Услышав слова Нирваны, Гордофьян Миронов тяжело вздохнул, лицо его осунулось и посерело, будто впитав цвет серой грусти, переполняющей его изнутри.
– Не тоскуй раньше времени, Гордоф, ничего еще не произошло, незачем хоронить живых. Ты ведь этим сейчас занимаешься, так? – сказал человек, сидевший позади Миронова.
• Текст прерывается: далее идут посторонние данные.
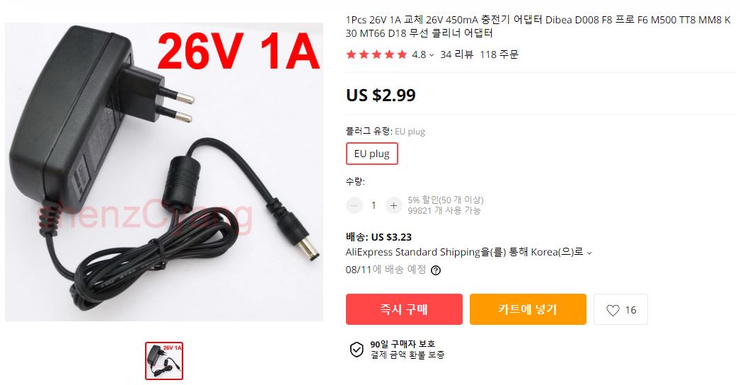 디베아 D18 정품 아답터 가격은 상상을 넘어 무선청소기를 버리게 만든다. 그래서 필자는 알리에서 직구를 해보기로 했다. 직구로 구입할 수 있는 가격은 너무나 저렴했고 행동으로 옮겨지게 되었다.
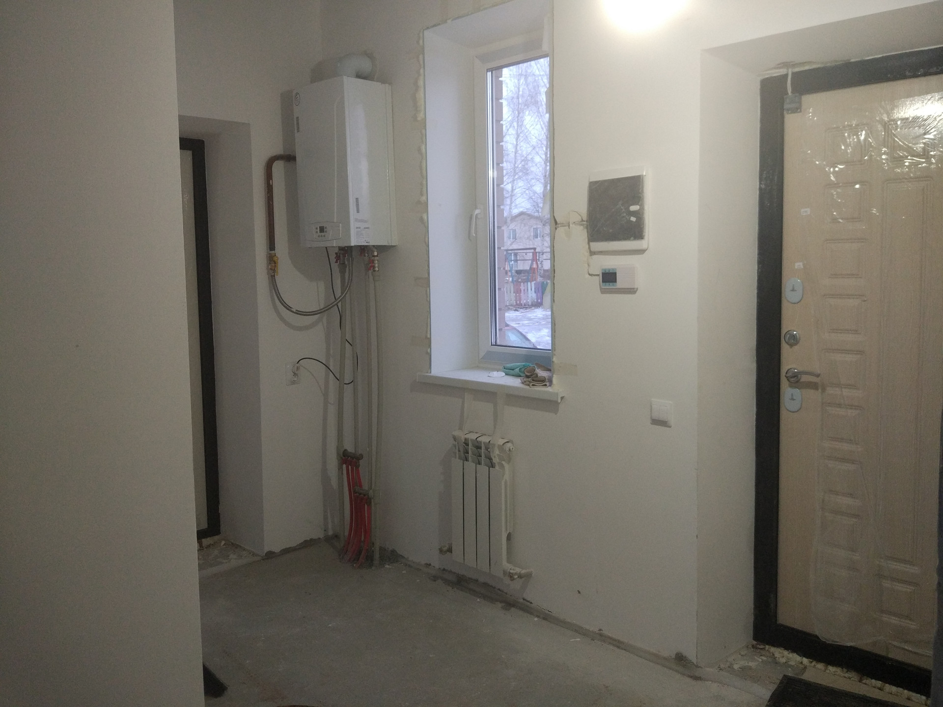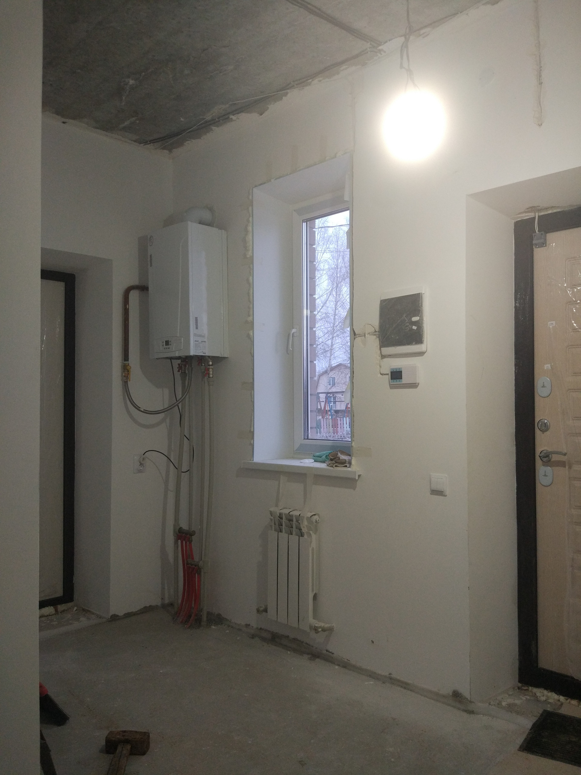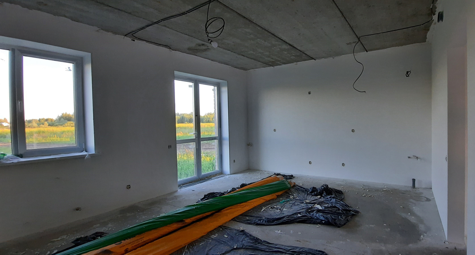 Дом продается в предчистовой отделке: стены заштукатуренные под обои, на полу ровная стяжка, на окнах откосы и подоконники, разводка электричества, теплые полы по всему первому этажу от двухконтурного котла, радиаторы на 2ом этаже (отделка как на фото).

– Нет уж, я не из тех безвольных тюфяков, что раньше времени принимаются живых оплакивать. Я, пока сам все не увижу, горевать не стану, может, смерть там и побывала, но не всю-то жизнь она забрала – чувствую я. Не как вы чувствуете, а просто, по-человечески – сердцем. Но эта мертвая вода, черт бы ее побрал… Переживаю я, что уж тут, такого не утаишь. Хоть и молчу, а знаю, что вам и без слов понятно. У вас-то лица не лучше моего, глаза потемнели, как и кожа, все стало серым, приобрело цвет болезни, и пальцы вы скрутили в замочки, оттого что у вас внутри все чувства узлом завязались. Всем нам боязно, и мне, наверное, в особенности, но чтобы хоронить кого – это нет, скажешь тоже, я не из той породы.
– Мало ли что сказала Нирвана, не все, что она говорит, нужно слушать и принимать на веру, – продолжил собеседник Миронова, который, кстати, был как минимум на треть страннее Нирваны, что было оправданно, ведь он являлся ее старшим братом.
Его звали Борис Время, но некоторые предпочитали называть его джинном или же синим магом. Синим его прозвали оттого, что трубка, которую он непрерывно курил, источала синие клубы дыма с весьма приятным запахом степной травы. Время был молод, но его волосы, передние пряди которых он собирал в хвост, поседели, как и борода и брови. Цвет глаз из голубого превратился в белый с сероватым оттенком. В бороду Бориса были вплетены красные нити и бусины – никто знать не знал, к чему все это убранство, должно быть, Борису такое украшение попросту нравилось. Телосложение он имел правильное – высокий и жилистый, тело рельефное, но мышцы казались суховатыми, не налившимися молодой кровью и жизнью. Такое тело имеют люди, занимающиеся тяжелым физическим трудом в условиях недостатка питания.
Кожу Бориса покрывали темные угловатые узоры и странные рисунки, которыми Время очень гордился, ведь рубашку он носил крайне редко. Да и чего бы ему не возгордиться, рисунки на теле мага не имели отношения к красоте или, напротив, к некрасивости – это уж кому что приходится по вкусу. Эти рисунки были броней и отражали всю мощь магической личности. Каждый символ обозначал разученное магом заклинание и превосходное умение это самое заклинание использовать на практике, или же эти рисунки могли символизировать усовершенствование какой-либо уже имеющейся способности. Помимо того, на коже каждого мага можно было увидеть даты, имена, изображения существ и даже событий, с которыми волшебник так или иначе имел тонкую, но весьма прочную связь. Иными словами, рисунки на телах волшебников являлись подробной картой их жизни и заслуг.
– Не все, что говорит Борис, нужно слушать и принимать за правду, – стервозно фыркнула Нирвана Веда, переиначивая неприятное высказывание брата. – Скажу вам так, мальчики: на этом острове не стоит ждать ничего хорошего, так что не нужно питать радужных иллюзий, я видела там смерть, а это значит, что мы все с ней встретимся, как только ступим на эти берега.